DVD/Blu Ray

Journey to the Shore (12) | Home Ents Review

journey

Dir: Kiyoshi Kirosawa Japan, 2015, 128 mins, Japanese with English Subtitles

Cast: Eri Fukatsu, Tadanobu Asano, Masao Komatsu

There is no shortage of films about love carrying on into the afterlife. On one end of the spectrum you’ve got films like ‘Ghost’, on the other is the likes of ‘Truly Madly Deeply’. From Japanese writer/director Kiyoshi Kirosawa comes the latest addition to the ghost romance genre: Journey to the Shore.

One evening piano teacher and widow Mizuki (Fukatsu) finds her late husband Yusuke (Asano) has arrived home. Not in an ethereal, walking through walls, can only be seen by her kind of way, more in a forgetting to take his shoes off, asking the conductor at the station when the next train is due kind of way. Yusuke announces that he has been on a long journey home and on the way has encountered some people that he needs to go back and help, and asks Mizuki to accompany him. What follows is a revisit to some of Yusuke’s old haunts (I cannot believe I stuck that pun in there) meeting people both living and dead, as well as digging up the skeletons (oh God the puns get worse!) of their marriage.

Journey to the Shore looks beautiful. The loving vistas of the Japanese countryside and small towns seems like the animations of Miazaki brought to life. The story is intriguing, but unfortunately never compelling.

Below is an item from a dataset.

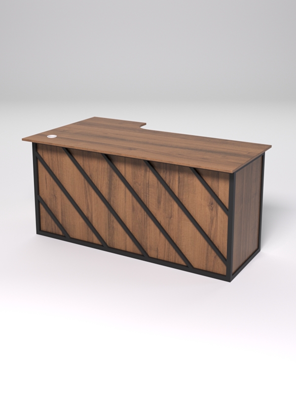 Стол состоит из 4х деталей, которые скрепляются между собой конфирматами и мебельными уголками. Столешница имеет фигурный вырез со стороны работника. Инструкция по сборке не требуется.
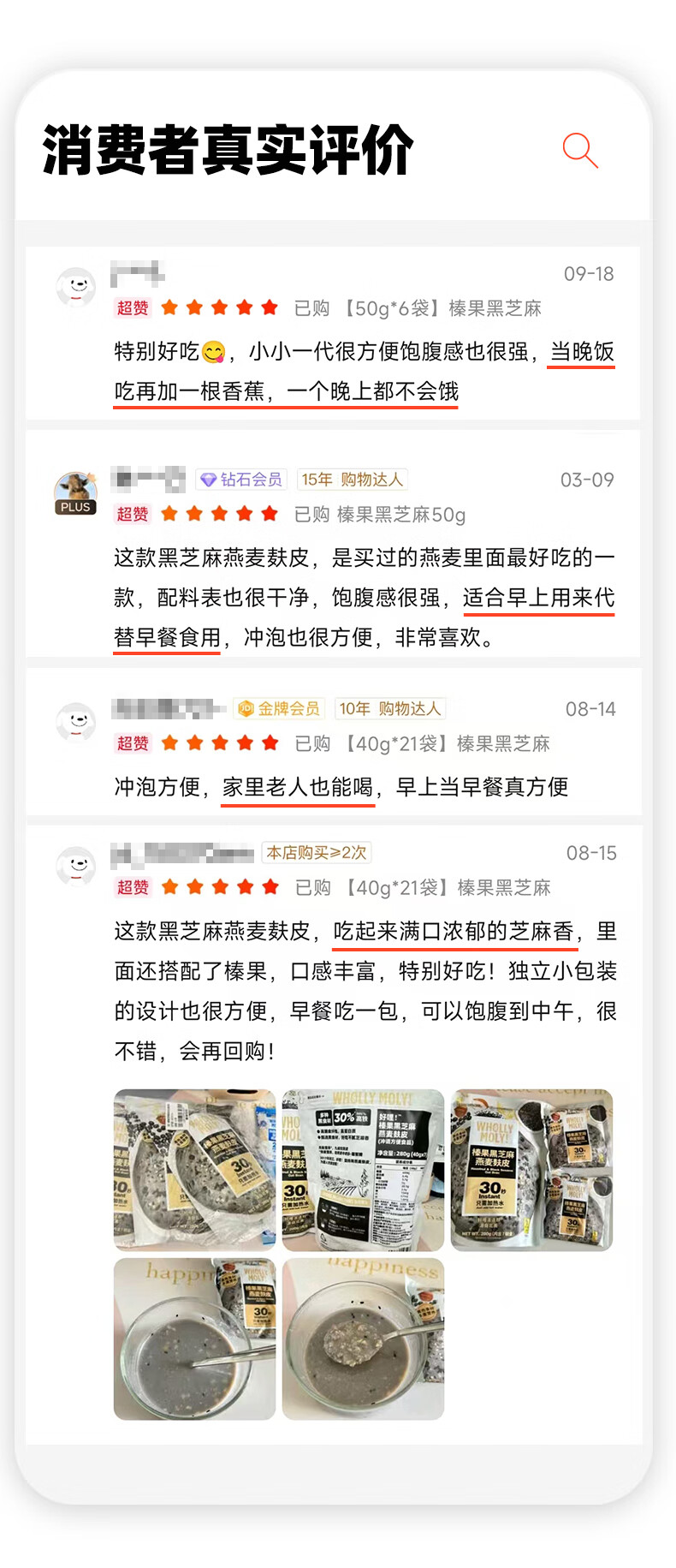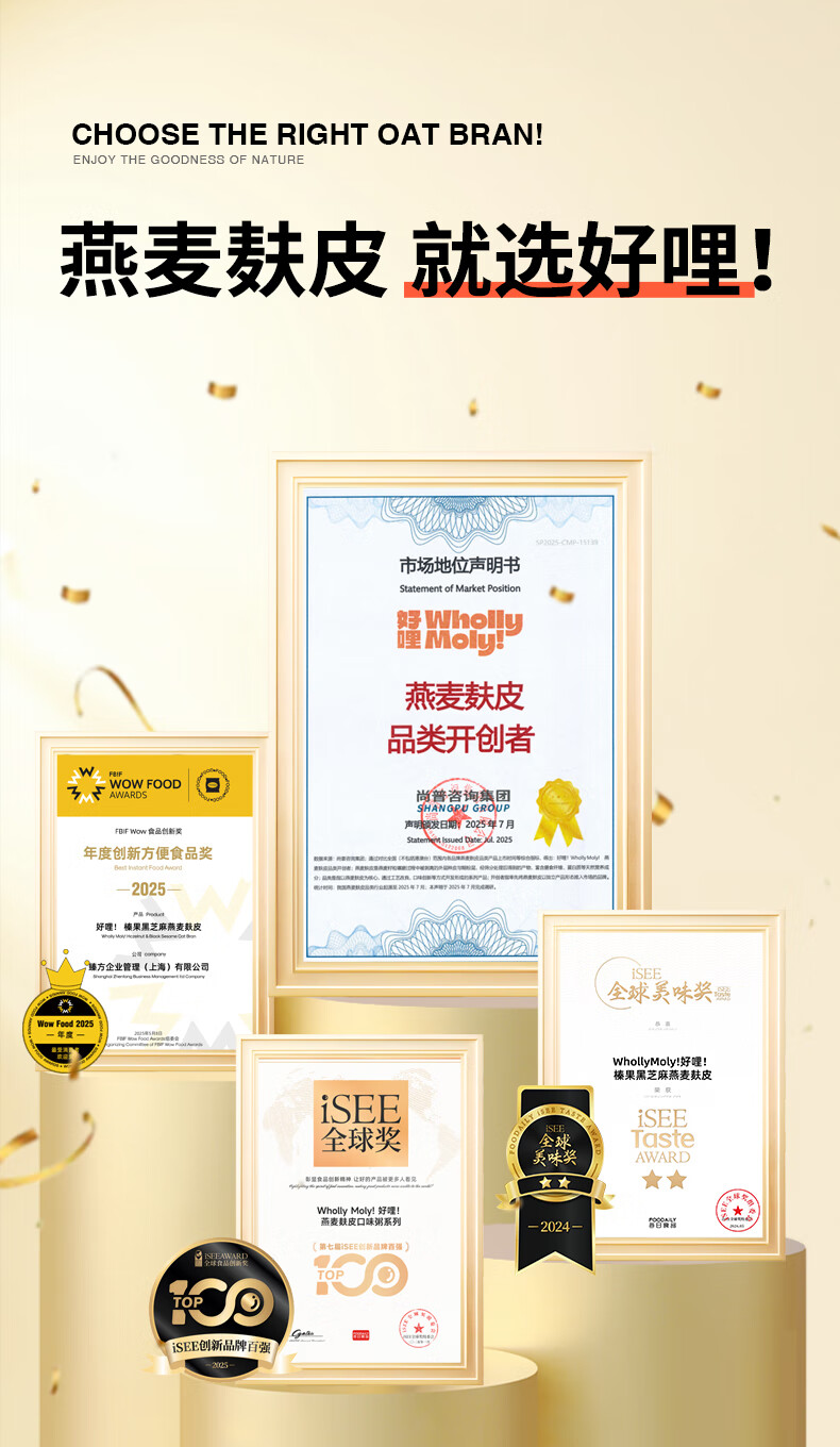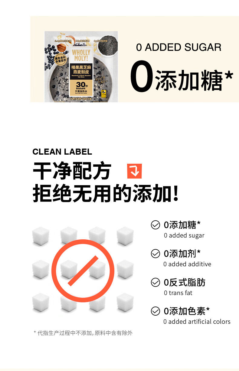 WHOLLY MOLY!好哩榛果黑芝麻燕麦麸皮40g*7袋 高膳食纤维高蛋白 营养早餐代餐

Yusuke comes across as smug and condescending rather than loving and altruistic, and Mizuki feels like a female character who is solely defined by her relationship with her husband. Neither are easy to empathise with.

There’s enough to keep one interested, but only just. Two stars fees like too harsh a verdict, so three seems fair especially for such accomplished direction and cinematography, but if you’ve got Ghost on DVD chances are that’ll be the one that gets re-watched the most.

Review by Mark Moynihan

Journey to the Shore is out now on DVD.